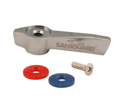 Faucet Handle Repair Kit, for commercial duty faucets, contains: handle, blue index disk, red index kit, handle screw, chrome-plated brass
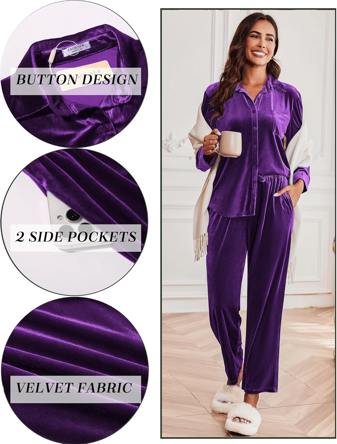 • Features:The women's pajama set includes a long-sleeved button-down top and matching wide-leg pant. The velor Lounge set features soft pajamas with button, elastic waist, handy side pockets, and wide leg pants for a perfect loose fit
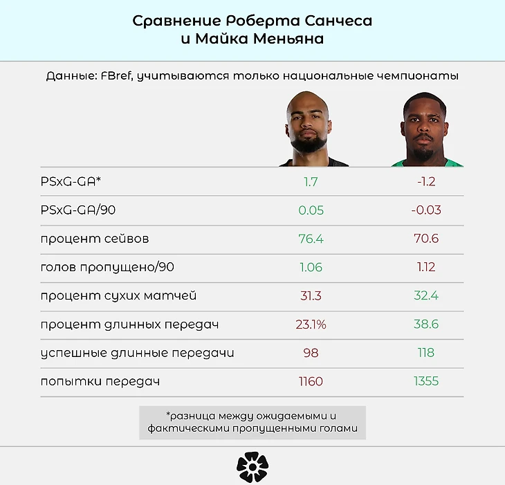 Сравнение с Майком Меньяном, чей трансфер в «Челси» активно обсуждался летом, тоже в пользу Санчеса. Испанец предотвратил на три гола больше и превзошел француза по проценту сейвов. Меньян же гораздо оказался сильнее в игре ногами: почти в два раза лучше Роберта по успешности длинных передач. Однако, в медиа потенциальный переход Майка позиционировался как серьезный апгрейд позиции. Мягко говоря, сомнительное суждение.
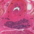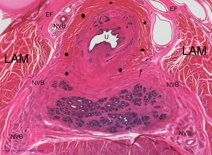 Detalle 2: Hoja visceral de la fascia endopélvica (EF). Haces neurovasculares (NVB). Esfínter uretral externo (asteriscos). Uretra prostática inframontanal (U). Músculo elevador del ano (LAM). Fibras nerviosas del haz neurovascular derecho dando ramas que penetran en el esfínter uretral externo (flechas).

...

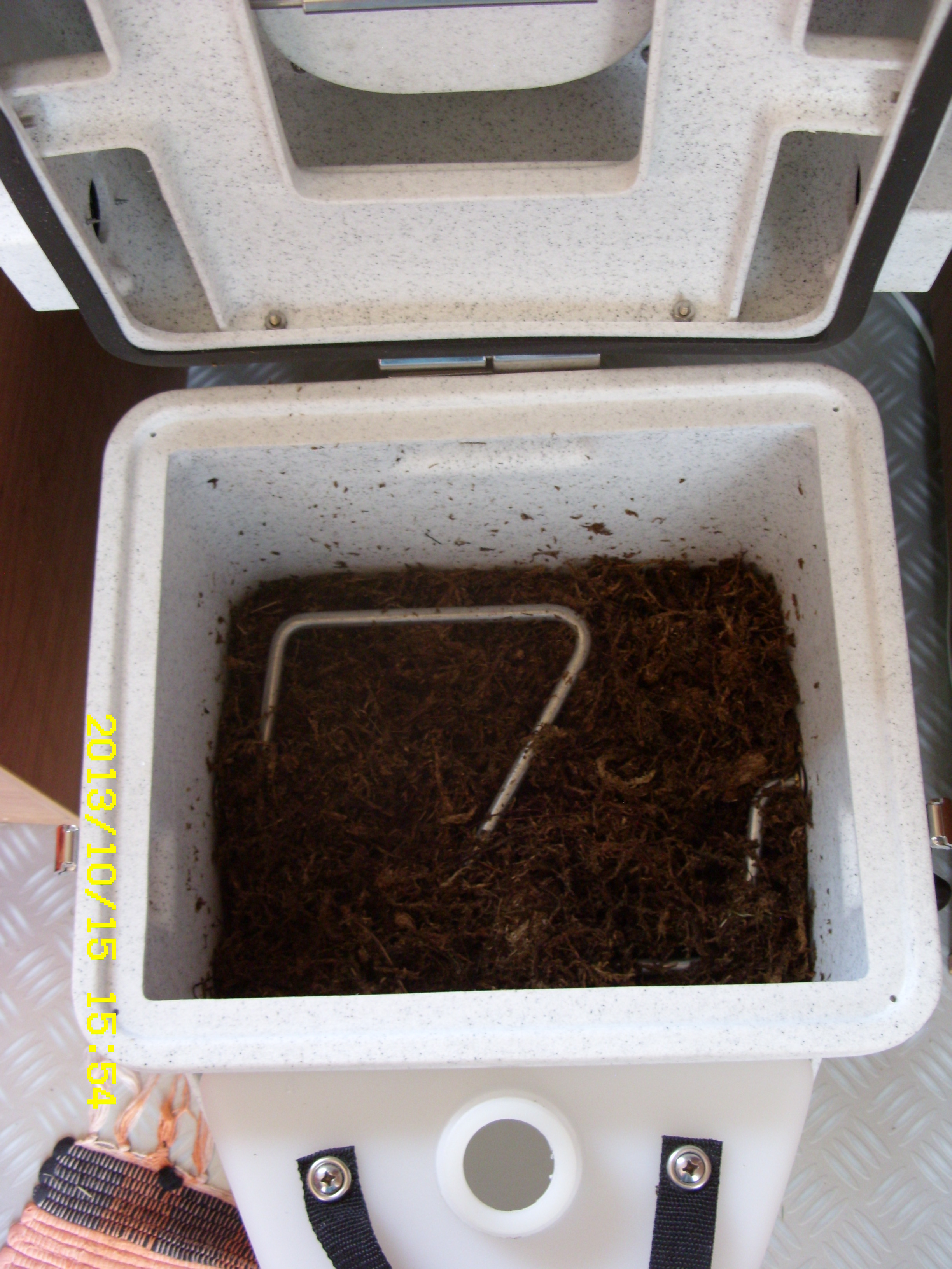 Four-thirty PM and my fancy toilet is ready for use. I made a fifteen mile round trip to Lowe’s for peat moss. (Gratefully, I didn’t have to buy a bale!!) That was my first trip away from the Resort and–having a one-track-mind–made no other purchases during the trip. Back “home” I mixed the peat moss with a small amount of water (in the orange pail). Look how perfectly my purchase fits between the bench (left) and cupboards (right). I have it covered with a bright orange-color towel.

(Task brief)
Starting with the line that has "Сравнение с Майком" and ending with the line that has "Detalle 2: Hoja", repeat the lines above exactly, omitting every picture.

(Output for this task)
 Сравнение с Майком Меньяном, чей трансфер в «Челси» активно обсуждался летом, тоже в пользу Санчеса. Испанец предотвратил на три гола больше и превзошел француза по проценту сейвов. Меньян же гораздо оказался сильнее в игре ногами: почти в два раза лучше Роберта по успешности длинных передач. Однако, в медиа потенциальный переход Майка позиционировался как серьезный апгрейд позиции. Мягко говоря, сомнительное суждение.
 Detalle 2: Hoja visceral de la fascia endopélvica (EF). Haces neurovasculares (NVB). Esfínter uretral externo (asteriscos). Uretra prostática inframontanal (U). Músculo elevador del ano (LAM). Fibras nerviosas del haz neurovascular derecho dando ramas que penetran en el esfínter uretral externo (flechas).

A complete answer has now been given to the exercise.